В прихожей вдруг заиграла мелодию дверь. Власта увидела расширившиеся глаза Забавы и в тревоге привстала.
— Что?!
— Это он! — еле прошептала старшая сестра.
— Кто?
— Железовский!
— Желе… Аристарх? Не может быть!- Власта вышла в прихожую и открыла дверь. Перед ней с непроницаемым лицом горой высился Аристарх Железовский собственной персоной.
— Добрый вечер,- вежливо пророкотал он своим- не басом- подземным гулом. — Если гора не идет к Магомету…
— Что? — Власта на мгновение растерялась, за что потом казнила себя весь вечер. — О чем вы?
— Ну, я же вас приглашал к себе. А если гора не идет, то идет Магомет. Вот я и пришел объясниться.
— Ах, вот о чем речь! — Легкая краска легла на щеки комиссара, в глазах промелькнули иронические огоньки.- Мне казалось, что мы все выяснили. Что ж, заходите, Магомет, если в этом есть смысл.
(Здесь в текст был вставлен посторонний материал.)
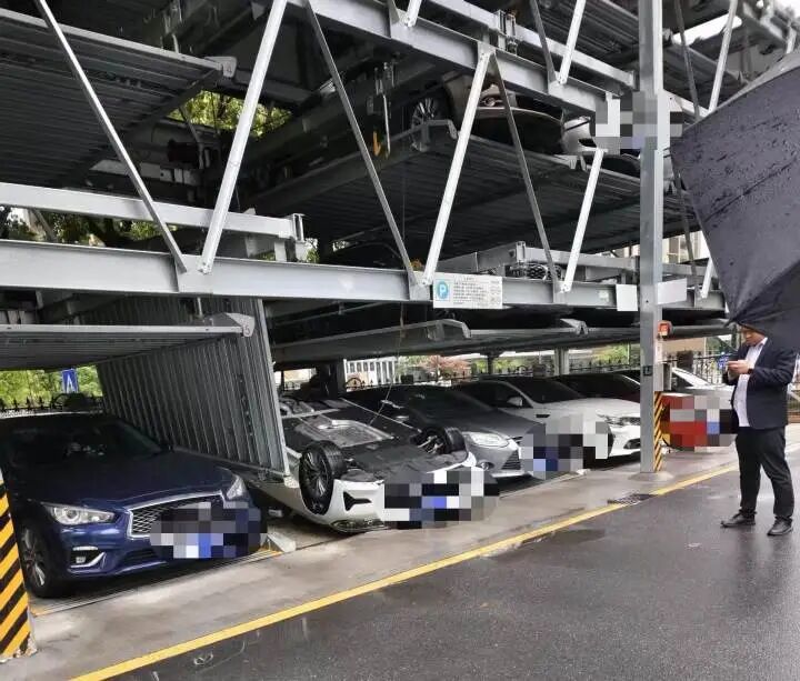 据杭州都市快报报道,目击者称,4月23日上午,上城区政务服务中心立体车库中有一辆宝马车突然坠落,伴有巨响。现场图片显示,一辆车侧翻躺在立体车库一层,托盘整体垂直挂在链条上。24日上午,记者探访该单位发现,两个立体车库均已停用,正在检修,停车只能停在地面。

— Власта, — с укором позвала появившаяся в проеме двери Забава, — гость всегда гость, при чем тут смысл. Заходи, Аристарх.
Власта молча посторонилась.
В гостиной женщины усадили математика на диван и принялись его разглядывать до тех пор, пока не почувствовали неловкость. Власта сдалась первой, засмеялась и ушла на кухню. Вернулась с плавающим подносом, протянула Аристарху красивый резной стакан с янтарным соком, взяла другой, толкнув поднос в сторону сидевшей с нерешительным видом Забавы. Железовский кивком поблагодарил, отпил глоток сока и снова превратился в изваяние, изредка поглядывая то на одну, то на другую.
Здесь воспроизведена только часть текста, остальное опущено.